The 9 Most Fun Adventure Lodges in North America

Outside Online (April 23, 2024) by Graham Averill

Base camp might be my favorite two words in the English language. Base camp is where you stage the next excursion, or refuel with a bowl of stew, or a beer. You rest and recover there. If you’re lucky, you can slip into a hot tub or cold spring, because base camps don’t always have to be a tent or in the back of your truck. Sometimes, base camp can be a lodge with soft sheets and a chef.

I’ve gathered a handful of my personal favorite adventure lodges and picked a few more destination hotels and chalets on my bucket list. Some of them are high-end and  worthy of a splurge, while others are downright affordable. All of them are chosen specifically for their locations and adventures they offer, putting visitors within reach of dramatic landscapes while providing gear, know-how, and sometimes in-house guides.
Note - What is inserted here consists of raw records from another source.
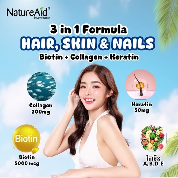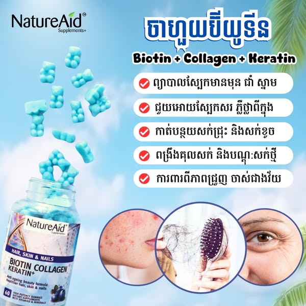 搜索关键词 Beauty Gummy, Buy One Get One, Acne Treatment, Skin Whitening, Hair Loss Prevention, NatureAid Cambodia, Vitamin B Complex, Beauty Supplement Promotion, Cosmetic promotion, healthy gummy优势 Treats acne, blemishes, and red skin,Whitens, brightens, and firms skin,Reduces hair loss and strengthens hair roots,Regenerates new skin cells,Contains Vitamin B Complex for regular menstruation,Buy 1 Get 1 Free, Buy 2 Get 2 Free
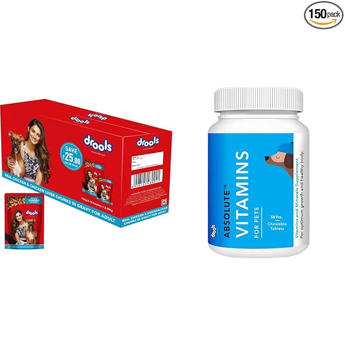 Drools Adult Wet Dog Food, Real Chicken and Chicken Liver Chunks in Gravy, 15 Pouches (15 x 150g) & Absolute Vitamin Tablet- Dog Supplement, 50 Pieces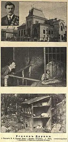Москва получила интересный рождественский подарок: «звериный» уголок, устроенный талантливым клоуном В. Л. Дуровым. Капиталисты-буржуа бросают десятки и сотни тысяч на создание шато-кабаков, ресторанов, трактиров, а клоун, потешавший публику на цирковых аренах шутовскими выходками, правда, всегда остроумными, создал учреждение общественно полезное, вложив в него всё, что им было заработано в течение долгой артистически-цирковой деятельности.

Because occasionally it’s nice not to have to plan everything yourself.

The Gravel House Hotel, Patagonia, Arizona

You may not have heard of Patagonia, Arizona, a tiny town of 800-ish sitting at the base of the Patagonia Mountains, near the Mexico border. Much of the surrounding land is protected by the Coronado National Forest, which houses a chunk of the 700-mile Arizona Trail, while a lifetime of gravel rides begin and end in the two-block downtown.

The Gravel House is a collection of homes and a small hotel with nine rooms and a communal kitchen, all in the heart of town. The hotel is owned by cycling guide and chef Zander Ault, who you can hire to whip up regional delicacies like green chile stew and carne asada tacos. He and his team can also lead you on day rides through plains of shimmering grass flanked by the 7,000-foot Patagonias, which were capped with snow when I was there last spring. I loved the riding, which had me pedaling firm gravel through narrow canyons to historic ruins and across broad grasslands to the Mexican border before returning to town for a cold beer.

The Adventure: You can hike or mountain bike a slice of the Arizona Trail, but the gravel is the magic here. I’ve stayed at The Gravel House, spending three days exploring the lonely roads of the area, and want to return to it and the landscape. Elevation gain is moderate, so you can cover a lot of ground exploring canyons and prairies that butt up against the border with Mexico, just 18 miles away. Check out the 30-mile Alto Ghost Town ride, which climbs to the ruins of a mining camp from 1933.